In sum, seriously funky.

The 1970s-era office building looked as though someone had taken the Brady Bunch’s house as inspiration. There was a lot of brown and the kind of rubberized flooring that might have been
snapped into place. Adam knocked on the door of a ground-level office overlooking the loading dock.

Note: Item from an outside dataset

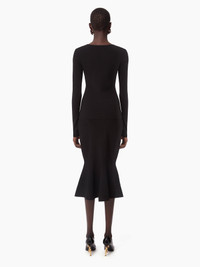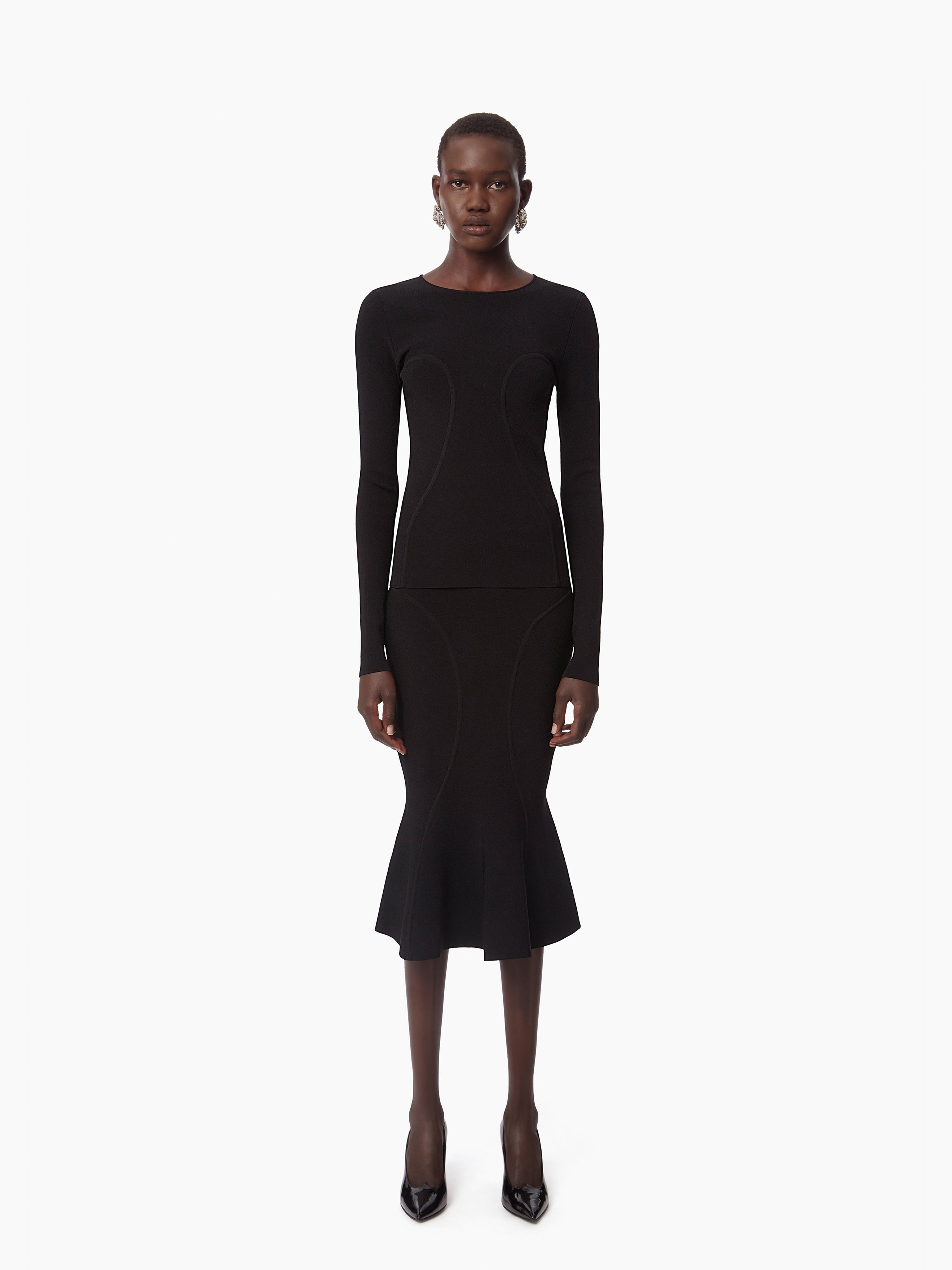 Emblematic of the Nina Ricci silhouette, the mermaid skirt symbolizes femininity. For Fall-Winter 2024, Harris Reed reinterprets it in a fitted knit enhanced by seamed cutlines. Fitted. Take your regular size. COMPOSITION & DETAILS - 83% viscose, 17% Elite. - Fitted mermaid cut. - Maxi length. - High elastic waistband. - Model is 180 cm and wears a size S (FR). - Ref : 24AMJU002ML0558U9000

Tripp Evans opened it. “Adam?”

“Why did my wife call you?”

It was odd to see Tripp out of his normal element. In town he was popular and well-liked and important within the small worlds he inhabited. Here he looked strikingly ordinary. Adam knew Tripp’s story vaguely. When Corinne was growing up in Cedarfield, Tripp’s father had owned Evans Sporting Goods, located in the center of town where Rite Aid now was. For thirty years, Evans was the place where all the kids in town got their sports equipment. They also sold Cedarfield varsity jackets and practice gear for the high school teams. They opened two other stores in neighboring towns. When Tripp graduated college, he came home and ran the marketing. He made Sunday circulars and came up with special events to keep Evans relevant. He paid to have local pro athletes come in and sign autographs and greet customers. Times were good.

And then, like for most mom-and-pop operations, it all went south.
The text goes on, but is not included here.